AIMS: To compare the glycaemic efficacy, continuous glucose monitoring (CGM) metrics, and safety of biweekly efsubaglutide alfa 3 mg (Q2W) versus weekly 1 mg (QW) in adults with type 2 diabetes inadequately controlled with lifestyle intervention.

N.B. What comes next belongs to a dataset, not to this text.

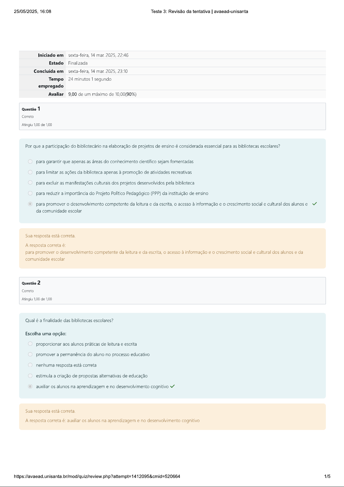 25/05/2025, 16:08 Teste 3: Revisão da tentativa avaead-unisanta Iniciado em sexta-feira, 14 mar. 2025, 22:46 Estado Finalizada Concluída em sexta-feira, 14 mar. 2025, 23:10 Tempo 24 minutos 1 segundo empregado Avaliar 9,00 de um máximo de 10,00(90%) Questão 1 Correto Atingiu 1,00 de 1,00 Por que a participação do bibliotecário na elaboração de projetos de ensino é considerada essencial para as bibliotecas escolares? para garantir que apenas as áreas do conhecimento científico sejam fomentadas para limitar as ações da biblioteca apenas à promoção de atividades recreativas para excluir as manifestações culturais dos projetos desenvolvidos pela biblioteca para reduzir a importância do Projeto Político Pedagógico (PPP) da instituição de ensino para promover desenvolvimento competente da leitura e da escrita, acesso à informação e crescimento social e cultural dos alunos e da comunidade escolar Sua resposta está correta. A resposta correta é: para promover desenvolvimento competente da leitura e da escrita, acesso à informação e crescimento social e cultural dos alunos e da comunidade escolar Questão 2 Correto Atingiu 1,00 de 1,00 Qual é a finalidade das bibliotecas escolares? Escolha uma opção: proporcionar aos alunos práticas de leitura e escrita promover a permanência do aluno no processo educativo nenhuma resposta está correta estimula a criação de propostas alternativas de educação auxiliar os alunos na aprendizagem e no desenvolvimento cognitivo Sua resposta está correta. A resposta correta é: auxiliar alunos na aprendizagem e no desenvolvimento cognitivo 1/525/05/2025, 16:08 Teste 3: Revisão da tentativa avaead-unisanta Questão 3 Correto Atingiu 1,00 de 1,00 Como devem ser constituídas as coleções e serviços da biblioteca pública? Escolha uma opção: devem ser por indicação política pois a biblioteca é pública e financiada pelo estado devem ser isentos de censura ideológica, política ou religiosa mas é necessário atender às pressões comerciais que financiam projetos públicos nenhuma resposta está correta deve haver seleção dos materiais de modo a atender os interesses da sociedade devem ser isentos de qualquer forma de censura ideológica, política ou religiosa e de pressões comerciais Sua resposta está correta. A resposta correta é: devem ser isentos de qualquer forma de censura ideológica, política ou religiosa e de pressões comerciais Questão 4 Correto Atingiu 1,00 de 1,00 Lanzi (2012) indica que os alunos devem ir ao menos uma vez por semana à biblioteca, por que? Escolha uma opção: para desenvolver um sentimento de pertencimento por parte do aluno todas as respostas estão corretas para viabilizar condições e desenvolver no aluno espírito de participação no cotidiano da biblioteca para motivar uma frequência espontânea e produtiva no uso do potencial e dos espaços da biblioteca para permitir sua adesão ao universo literário e de pesquisa Sua resposta está correta. A resposta correta é: todas as respostas estão corretas 2/525/05/2025, 16:08 Teste 3: Revisão da tentativa avaead-unisanta Questão 5 Correto Atingiu 1,00 de 1,00 De acordo com a Lei de Diretrizes e Bases da Educação Nacional (LDB), n° 9.394/96, como as bibliotecas escolares estão inseridas nas escolas? como parte integrante do processo educativo, promovendo a qualidade educacional, acesso e permanência do aluno, e a vinculação da educação com trabalho e práticas sociais como ambientes exclusivos para bibliotecários desenvolverem suas atividades como locais de armazenamento de materiais didáticos apenas como espaços de lazer para os alunos como centros de pesquisa disponíveis apenas para os professores Sua resposta está correta. A resposta correta é: como parte integrante do processo educativo, promovendo a qualidade educacional, acesso e permanência do aluno, vinculação da educação com trabalho e práticas sociais Questão 6 Correto Atingiu 1,00 de 1,00 Por que Edmir Perroti (apud Lanzi, 2012) considera que aluno deve ser autor (produzir documentos) para se sentir parte da biblioteca? Escolha uma opção: porque a biblioteca fica mais rica com assuntos de interesse individual nenhuma resposta está correta porque esse conhecimento pode ser divulgado nas redes sociais porque quando um estudante tem sua criação incorporada ao acervo, ele se vê como produtor de cultura porque acervo é um conjunto de documentos, mas não de significados Sua resposta está correta. A resposta correta é: porque quando um estudante tem sua criação incorporada ao acervo, ele se vê como produtor de cultura 3/525/05/2025, 16:08 Teste 3: Revisão da tentativa avaead-unisanta Questão 7 Incorreto Atingiu 0,00 de 1,00 Qual é objetivo da Competência em Informação nas bibliotecas universitárias? Escolha uma opção: é aprender a aprender e conhecer como está estruturado conhecimento é desenvolver habilidades para acesso ao universo informacional é saber localizar, avaliar e usar a informação de maneira ética todas as respostas estão corretas é converter usuários da biblioteca em usuários da informação tornando-os aprendizes independentes Sua resposta está incorreta. A resposta correta é: todas as respostas estão corretas Questão 8 Correto Atingiu 1,00 de 1,00 Quais são os temas que podem ser trabalhados nos programas de Competência em Informação em bibliotecas universitárias? Escolha uma opção: nenhuma resposta está correta questões quanto ao acesso, avaliação da informação, saber utilizar a informação bem como seu uso ético questões quanto à necessidade informacional, acesso e uso da informação, bem como seu uso ético questões quanto à necessidade informacional, acesso, avaliação da informação, saber utilizar a informação bem como seu uso ético questões quanto à necessidade informacional, avaliação da informação, saber utilizar a informação bem como seu uso ético Sua res

MATERIALS AND METHODS: In this multicentre, randomised, open-label trial, 59 adults were allocated 1:1 to efsubaglutide alfa 3 mg Q2W or 1 mg QW for 12 weeks after a 1-week 1 mg run-in. The primary endpoint was change in HbA1c from baseline to week 13 (end of 12-week treatment). Secondary endpoints included fasting plasma glucose (FPG), CGM time in range (TIR, 3.9-10.0 mmol/L) and tight TIR (3.9-7.8 mmol/L), 24-h mean glucose, weight, lipids, and adverse events. Continuous outcomes were analysed using a mixed model for repeated measures (MMRM); categorical outcomes used stratified Mantel-Haenszel tests; p values/CI were descriptive.
RESULTS: HbA1c decreased by -1.45% (SE 0.14) with Q2W and -1.53% (0.14) with QW; LS mean difference (Q2W-QW) 0.09% (95% CI -0.32, 0.50). FPG fell similarly (-2.07 vs. -2.22 mmol/L). TIR increased from 45.0% to 77.2% with Q2W and 75.1% with QW; tight TIR reached 53.8% and 48.8%, respectively. End-of-treatment 24-h mean CGM glucose was 8.12 versus 8.66 mmol/L (Q2W vs. QW). At week 13, HbA1c <7.0% was achieved by 55.2% (Q2W) and 65.5% (QW); ≤6.5% by 37.9% and 24.1%. Gastrointestinal adverse events predominated and were mostly mild to moderate; no hypoglycaemia or cardiovascular events occurred.
CONCLUSIONS: Over 12 weeks, efsubaglutide alfa 3 mg Q2W provided glycaemic and CGM benefits comparable to 1 mg QW with favourable tolerability. These findings support the feasibility of a biweekly regimen as an alternative to weekly dosing; larger, longer-duration confirmatory trials in more diverse populations are warranted.